My own solution for 3 problem set of cs224d. contact with me at [email protected]

Course Description

Natural language processing (NLP) is one of the most important technologies of the information age.
Understanding complex language utterances is also a crucial part of artificial intelligence. Applications of NLP are everywhere because people communicate most everything in language: web search, advertisement, emails, customer service, language translation, radiology reports, etc. There are a large variety of underlying tasks and machine learning models powering NLP applications. Recently, deep learning approaches have obtained very high performance across many different NLP tasks. These models can often be trained with a single end-to-end model and do not require traditional, task-specific feature engineering. In this spring quarter course students will learn to implement, train, debug, visualize and invent their own neural network models. The course provides a deep excursion into cutting-edge research in deep learning applied to NLP. The final project will involve training a complex recurrent neural network and applying it to a large scale NLP problem. On the model side we will cover word vector representations, window-based neural networks, recurrent neural networks, long-short-term-memory models, recursive neural networks, convolutional neural networks as well as some very novel models involving a memory component. Through lectures and programming assignments students will learn the necessary engineering tricks for making neural networks work on practical problems.

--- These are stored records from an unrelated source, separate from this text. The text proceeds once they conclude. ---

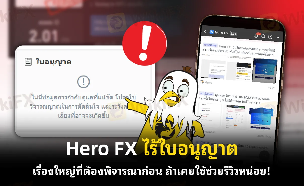 ตามข้อมูลจาก WikiFX ระบุว่า Hero FX ไม่มีใบอนุญาตจากหน่วยงานการเงินที่เชื่อถือได้ และสถานะการกำกับดูแลถูกจัดอยู่ในระดับ น่าสงสัย ทำให้นักลงทุนเสี่ยงต่อการไม่ได้รับการคุ้มครองกรณีเกิดข้อพิพาท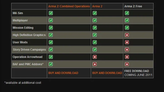 Bohemia Interactive объявила, что летом этого года выпустит бесплатную версию сумулятора боевых действий ArmA 2. Проект будет называться ArmA 2: Free и будет почти идентична полной версии, за исключением сюжетной компании, и поддержки HD-графики и пользовательских аддонов. Наиболее интересным из всего, является то, что ARMA 2: Free будет совершенно бесплатна, но не только бесплатной игрой, но и никаких микро-транзакций. Это может быть хорошим поводом опробовать игру, перед наступающей Arma 3.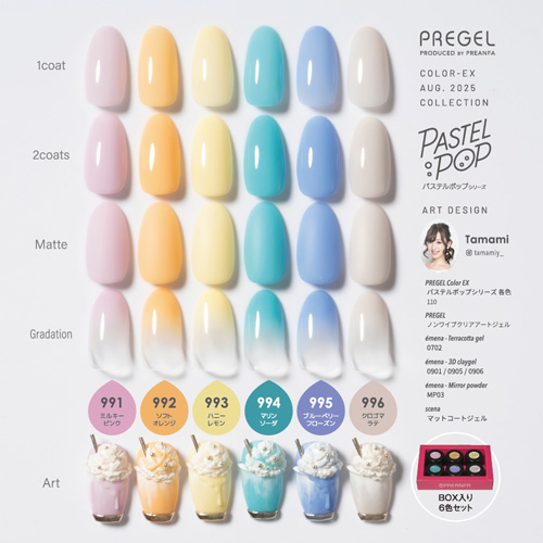 PREGELカラーEXから「パステルポップシリーズ」6色をリリース。 鮮やかなパステルトーンが、指先に軽やかな彩りを添える、爽やかな印象のカラーラインナップです。 1度塗りでも発色の良いカラーで、ワンカラーやグラデーションにもおすすめ♪ 6色セットの販売もございます。 カラーの種類:マットカラー UV/LED両対応(LED30秒、UV1〜2分)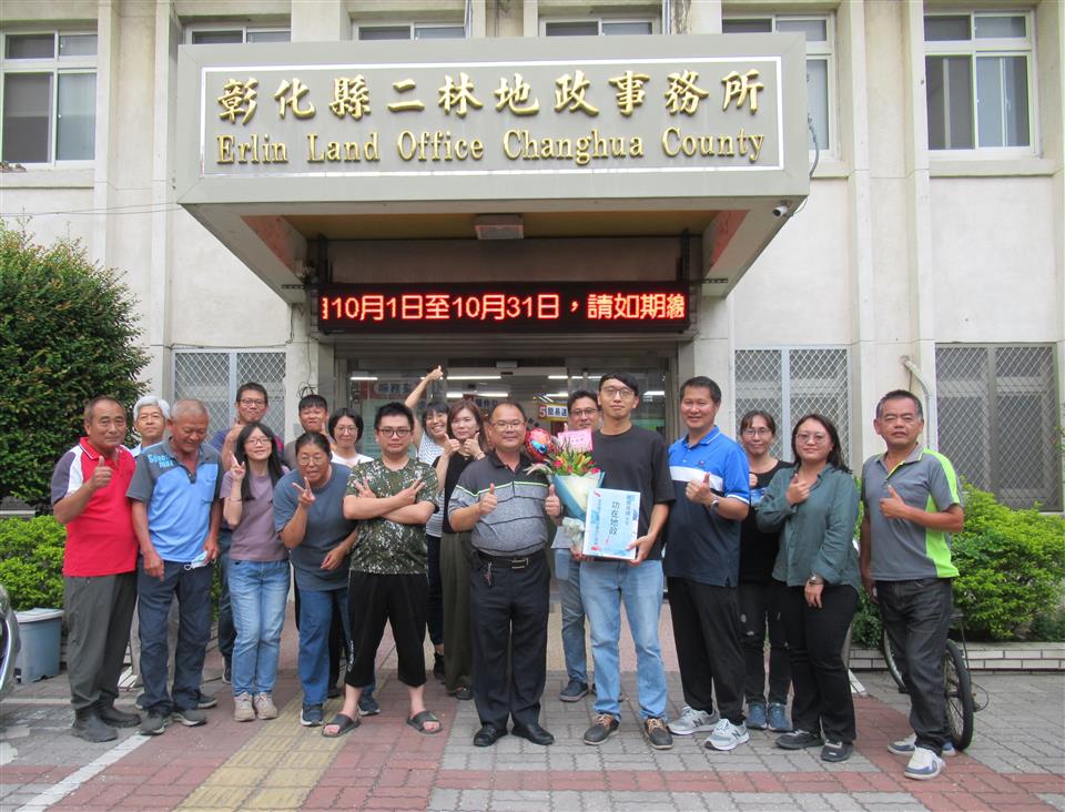 新聞焦點 二林地政事務所歡送蔡依芩、蔡青峰兩位同仁榮任新職 發布日期 2025/10/30~2026/10/30 | 發佈單位: 地政處地籍科 | 發佈日期: 柯麗鳳 分機1510 | 更新日期 2025/10/30 | 瀏覽人數: 84人 114年公務人員高等考試三級考試暨普通考試放榜,二林地政事務所測量課同仁再傳佳績。測量員蔡依芩小姐及測量助理蔡青峰先生雙雙錄取,分別分發至財政部國有財產署及臺南市玉井地政事務所服務,並於10月24日及10月27日離職前往新職報到。該所同仁特於所前廣場舉行歡送會,除表達誠摯的祝福外,也期勉兩位同仁在新的崗位上持續發光發熱。 蔡依芩小姐於服務期間,負責辦理土地複丈相關業務,工作態度認真負責,對待案件一絲不苟,深受長官肯定與同仁敬重。她以穩健的專業能力與親切的服務態度,為民眾留下良好印象,展現測量人員的專業形象。 蔡青峰先生則自到職以來,積極投入土地複丈與建物測量等外業工作,面對炎熱與風雨仍堅守崗位,展現出高度的責任感與敬業精神。其踏實肯學的態度,亦成為測量團隊中不可或缺的一員。 二林地政事務所劉主任表示,兩位同仁在任職期間皆兢兢業業、表現優異,不僅展現專業精神,更以真誠待人、合作融洽的態度贏得同仁與民眾的信任與讚賞。雖然離別令人不捨,但全體同仁都為他們的成就感到驕傲,並祝福未來在新職場一帆風順、再創高峰。 業務單位:彰化縣二林地政事務所 聯絡人:林小姐 電話:04-8964793#302

============================================================================================================= PSet1: 情感分析
Q1: Softmax (10 points)

Q2: Neural Network Basics 神经网络基础(30 points)
h = sigmoid(xW1 + b1) , y^ = softmax(hW2 + b2)

Q3: word2vec 词向量(40 points + 5 bonus)
skipgram,negative sampling,CBOW

Q4: Sentiment Analysis 情感分析 (20 points)
Process:
1)word embeding--->
2)average word vector to get features(X)--->
3)dot product with Learnable Weight(W)---->
4)Sofmtax to get possibility
5)calculate Loss, and Gradient, update W
with the word vectors you trained, we are going to perform a simple sentiment analysis. For each sentence in the Stanford Sentiment Treebank dataset, we are going to use the average of all the word vectors in that sentence as its feature, and try to predict the sentiment level of the said sentence. The sentiment level of the phrases are represented as real values in the original dataset, here we’ll just use five classes:
“very negative”, “negative”, “neutral”, “positive”, “very positive”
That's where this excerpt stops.